# Collected data
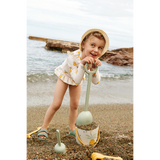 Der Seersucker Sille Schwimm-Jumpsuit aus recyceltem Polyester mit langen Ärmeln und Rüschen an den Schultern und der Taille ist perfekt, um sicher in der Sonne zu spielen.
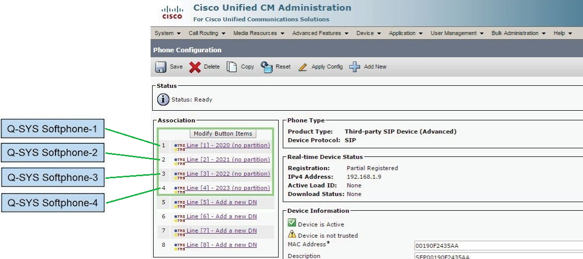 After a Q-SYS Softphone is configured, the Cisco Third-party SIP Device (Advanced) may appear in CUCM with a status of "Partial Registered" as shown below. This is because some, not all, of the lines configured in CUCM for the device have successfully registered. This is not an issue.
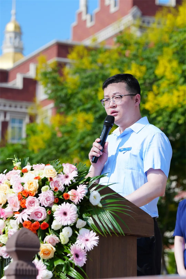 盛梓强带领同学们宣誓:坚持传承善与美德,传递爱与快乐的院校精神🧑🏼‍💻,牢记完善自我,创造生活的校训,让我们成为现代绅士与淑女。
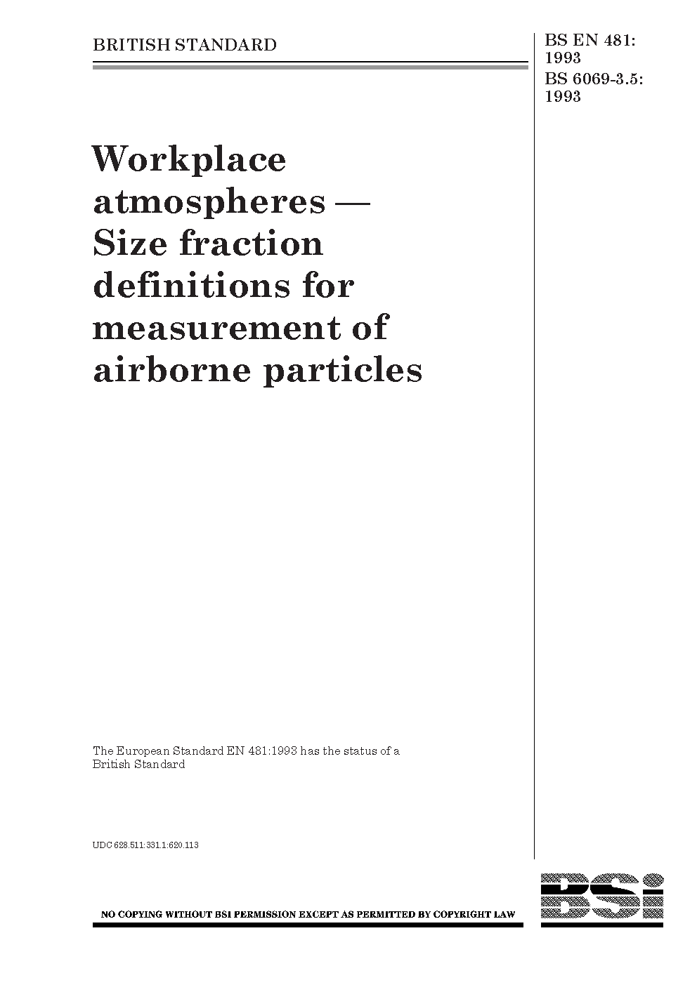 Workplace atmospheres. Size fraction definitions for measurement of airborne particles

# Try it
Please repeat everything in the data above except the pictures, exactly as it reads.

# Solution to this problem
 Der Seersucker Sille Schwimm-Jumpsuit aus recyceltem Polyester mit langen Ärmeln und Rüschen an den Schultern und der Taille ist perfekt, um sicher in der Sonne zu spielen.
 After a Q-SYS Softphone is configured, the Cisco Third-party SIP Device (Advanced) may appear in CUCM with a status of "Partial Registered" as shown below. This is because some, not all, of the lines configured in CUCM for the device have successfully registered. This is not an issue.
 盛梓强带领同学们宣誓:坚持传承善与美德,传递爱与快乐的院校精神🧑🏼‍💻,牢记完善自我,创造生活的校训,让我们成为现代绅士与淑女。
 Workplace atmospheres. Size fraction definitions for measurement of airborne particles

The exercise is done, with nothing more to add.